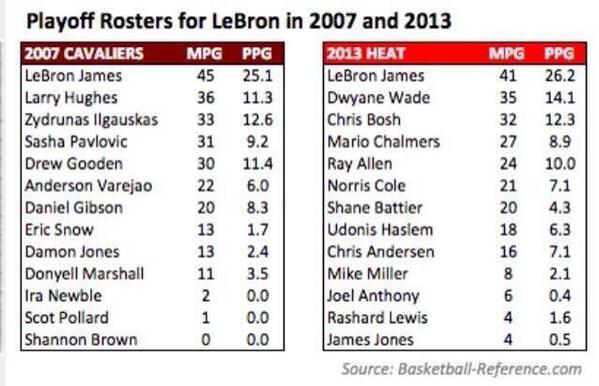 Strangely, I think the players Jordan played with on some of those teams were much better than what Bron has in Miami.
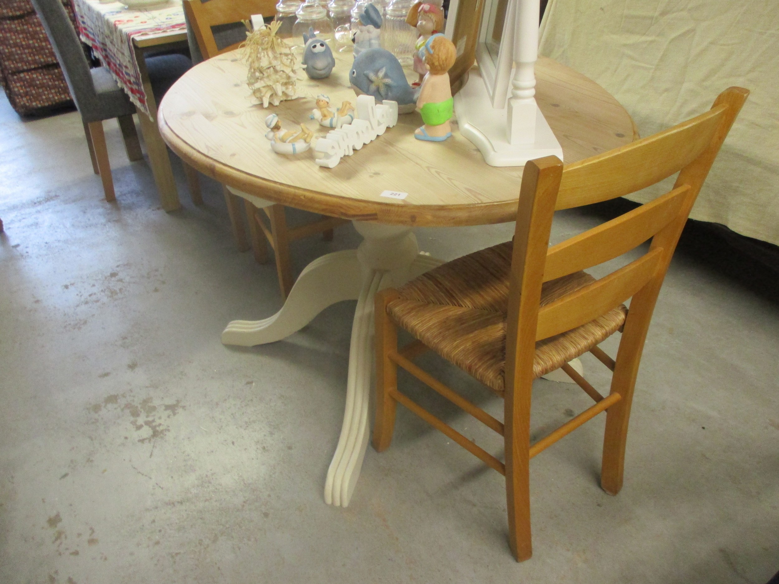 Oval Single Pedestal Dining Table (warped top) and Two Chairs
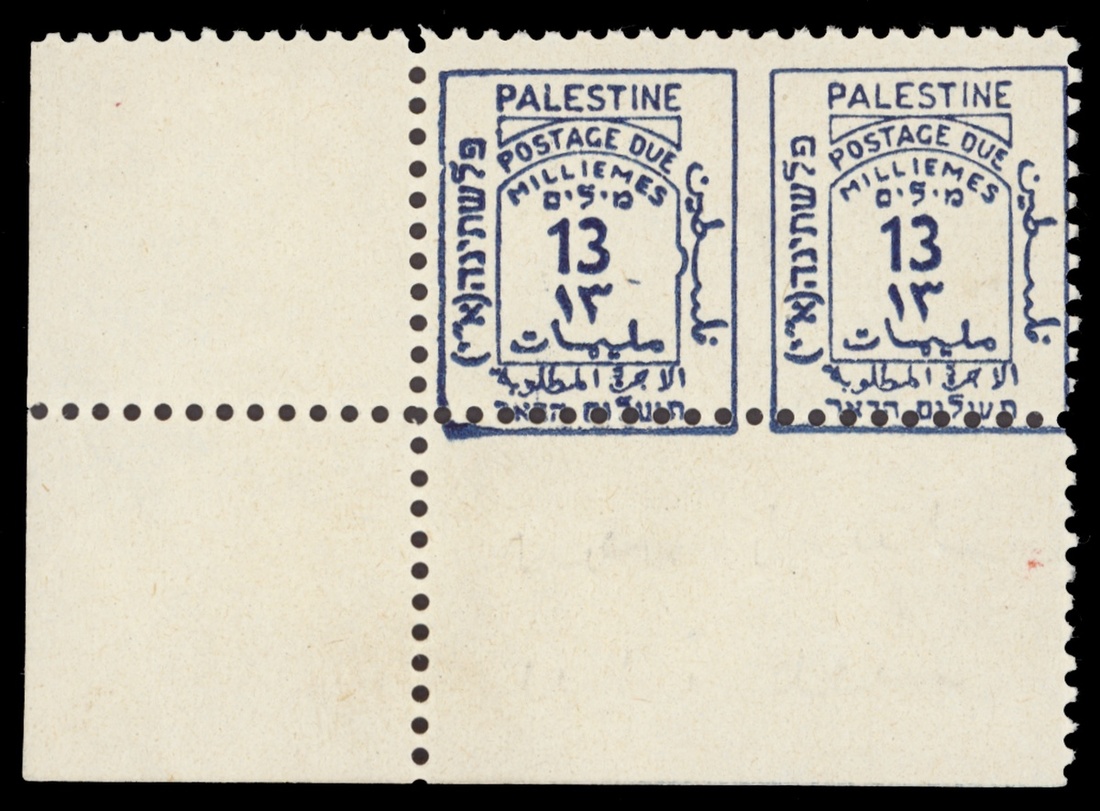1923 13m. steel blue, horizontal pair from the lower left corner of the sheet, variety imperforate between, original gum; centred to foot, fine and rare. S.G. D5a, £1,100
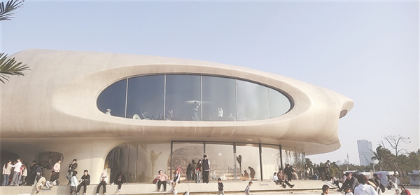 出租车刚刚驶上大桥,远远就看见一幢白色二层建筑温柔地匍匐于海口世纪公园音乐广场西北侧,像一朵巨大的白云飘落在大海边。
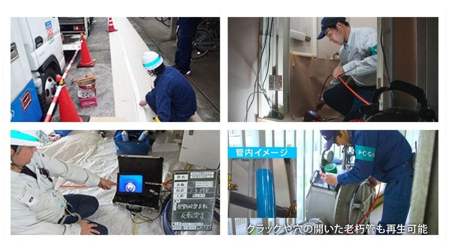 | 事業内容 | 1. P・C・G協会工法開発およびライセンス業務、P・C・G協会の運営 2. 特許工法、審査証明技術による配管更生および配管の耐震ライニング 3. 配管設備工事およびマンション配管設備の大規模修繕工事 4. ビル・マンション配管の定期洗浄と定期点検、緊急サービス等 <給排水管の更生工事の必要性・事業の将来性> 鉄管・鋳鉄管・銅管などの金属製パイプは、寿命が20~30年程度と言われており、メンテナンスをしないと、水漏れ、蛇口から赤っぽい色の水が出る、異臭などが発生する可能性があります。安全な水の供給、暮らしのインフラに関わる事業の為、今後もニーズがなくなる事はありません。 さらに弊社は特許を12個保有しており、商品力の強さから問い合わせ対応による営業活動のみで新規開拓はしていません。マーケットで圧倒的に勝てる特許商材を保有している点が弊社の強みになっています。 |

══════════

■ **Brief**
Output the lines above in full and exactly. Leave out every picture.

■ **Task result**
 Strangely, I think the players Jordan played with on some of those teams were much better than what Bron has in Miami.
 Oval Single Pedestal Dining Table (warped top) and Two Chairs
1923 13m. steel blue, horizontal pair from the lower left corner of the sheet, variety imperforate between, original gum; centred to foot, fine and rare. S.G. D5a, £1,100
 出租车刚刚驶上大桥,远远就看见一幢白色二层建筑温柔地匍匐于海口世纪公园音乐广场西北侧,像一朵巨大的白云飘落在大海边。
 | 事業内容 | 1. P・C・G協会工法開発およびライセンス業務、P・C・G協会の運営 2. 特許工法、審査証明技術による配管更生および配管の耐震ライニング 3. 配管設備工事およびマンション配管設備の大規模修繕工事 4. ビル・マンション配管の定期洗浄と定期点検、緊急サービス等 <給排水管の更生工事の必要性・事業の将来性> 鉄管・鋳鉄管・銅管などの金属製パイプは、寿命が20~30年程度と言われており、メンテナンスをしないと、水漏れ、蛇口から赤っぽい色の水が出る、異臭などが発生する可能性があります。安全な水の供給、暮らしのインフラに関わる事業の為、今後もニーズがなくなる事はありません。 さらに弊社は特許を12個保有しており、商品力の強さから問い合わせ対応による営業活動のみで新規開拓はしていません。マーケットで圧倒的に勝てる特許商材を保有している点が弊社の強みになっています。 |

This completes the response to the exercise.